Phishing and Smishing Scams: Emails, texts, phone calls. These are all popular channels for scammers trying to obtain sensitive information from taxpayers by lying and saying they work for the IRS. Please remember that the IRS will always initiate contact with taxpayers by mail.
Online Account Assistance: The IRS Online Account tool provides helpful information to taxpayers. Scammers are using this as an opportunity to learn social security numbers and other sensitive information by calling and offering to help taxpayer set up their online accounts. This can lead to identity theft and a big headache for taxpayers trying to sort everything out.
Fuel Tax Credit Promoters: Like the Employee Retention Credit promotors, Fuel Tax Credit promoters claim that the taxpayer is qualified for the credit when they may not be. These scammers usually charge a big fee to assist the taxpayer in submitting these claims.
Fake Charity Scams: Major disasters like hurricanes, floods, and wildfires can lead to an increase in counterfeit charities to dupe taxpayers. When these disasters occur, people want to help those affected. Scammers take advantage of this generosity by using fake charities as a front for stealing money and private information. Be sure to take the time to thoroughly research any organization before donating.
Shady Tax Preparers: Common warning signs of a shady tax preparer include charging a fee based on the size of the refund or refusing to sign the form as a preparer as required by law. Make sure you’re using a trusted and knowledgeable tax preparer.
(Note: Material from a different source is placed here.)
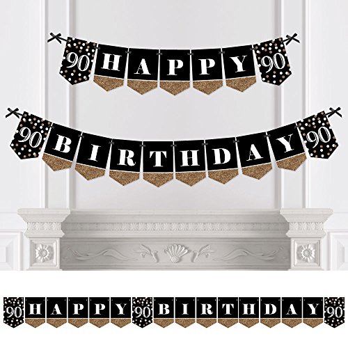 -. Feature : Adult 90th Birthday - Gold Bunting Banner is an impressive birthday decoration for your party. Ninetieth Birthday Bunting Banner Decoration Kit INCLUDES Adult 90th Birthday - Gold HAPPY BIRTHDAY letter pennants, black and gold themed pennants, satin ribbon and non-marking adhesives for hanging. / 90th Birthday Bunting Banners SIZE: Each pennant measures 8.5 inches high x 5.5 inches wide. Ribbon measures 24 feet long and 3/8 inch wide. / BIRTHDAY PARTY DECORATIONS: An Adult 90th Birthday - Gold Birthday Party Bunting Banner is an easy way to decorate for your party and bring your black and gold theme to life. Hang at the entrance of your birthday party, over the food table or candy buffet, at the gift table or behind the head table. / PREMIUM BIRTHDAY PARTY SUPPLIES: Adult 90th Birthday - Gold Bunting Banner is professionally P.R.Inted on sturdy cardstock paper. Each pennant is individually inspected then carefully packaged by hand. 90th birthday bunting banners require some easy assembly. Following the number sequence on the back of each pennant, simply string the included satin ribbon through the pennant slots. Create multiple rows by cutting the ribbon to your desired length or hang as one long banner. / MADE IN THE USA: Adult 90th Birthday - Gold Birthday Party Bunting Banner is designed and manufactured at our Wisconsin facility using materials that are Made in the USA. 90th Birthday Banners use a No-Mess Glitter P.R.Int: Our banners are designed with a P.R.Inted image of glitter, eliminating glitter flake while maximizing bling effect!

Social Media Trends: While this may seem unsurprising to most, it bears repeating – you can’t always trust what you hear on the internet. Social media can circulate misinformation quickly, including ‘hacks’ for getting a bigger tax refund. These trends usually involve lying on tax forms or creating false income. The IRS reminds taxpayers that falsifying tax documents is illegal and penalties are involved.
Spearphishing Email Scams: Bad players have been sending email requests to tax preparers, and payroll and human resources teams to try and gain sensitive client and employee data like W-2 information. These requests can look like they’re from a potential new client, and the scammers then use the data they collect to submit a series of false tax refund filings and collect on the tax returns. Businesses can protect themselves with these cybersecurity tips.
Offer in Compromise Mills: Promoters target taxpayers that owe the IRS money by offering to settle their debts with the IRS at a steep discount for a fee. Many times, the targeted taxpayers don’t meet the technical requirements to obtain an offer, meaning they still owe the IRS the same amount and are paying excessive fees to these companies. Taxpayers can check their eligibility for an Offer in Compromise using this free IRS tool.
Charitable Remainder Annuity Trust Schemes: Promoters can misuse Charitable Remainder Annuity Trusts and monetized installment sales by misapplying the rules, leaving filers vulnerable. These types of schemes are often targeted at wealthy taxpayers.
Tax Avoidance Schemes: The IRS warns taxpayers to be wary of anyone claiming to reduce their taxes owed drastically or even to nothing. This could include micro-captive insurance arrangements, international accounts, and syndicated conservation easements.
Be diligent with your information, teach your employees how to recognize scams, and be sure to discuss any changes in tax strategy with your trusted tax professional. If anyone contacts you with a claim that seems too good to be true, it probably is.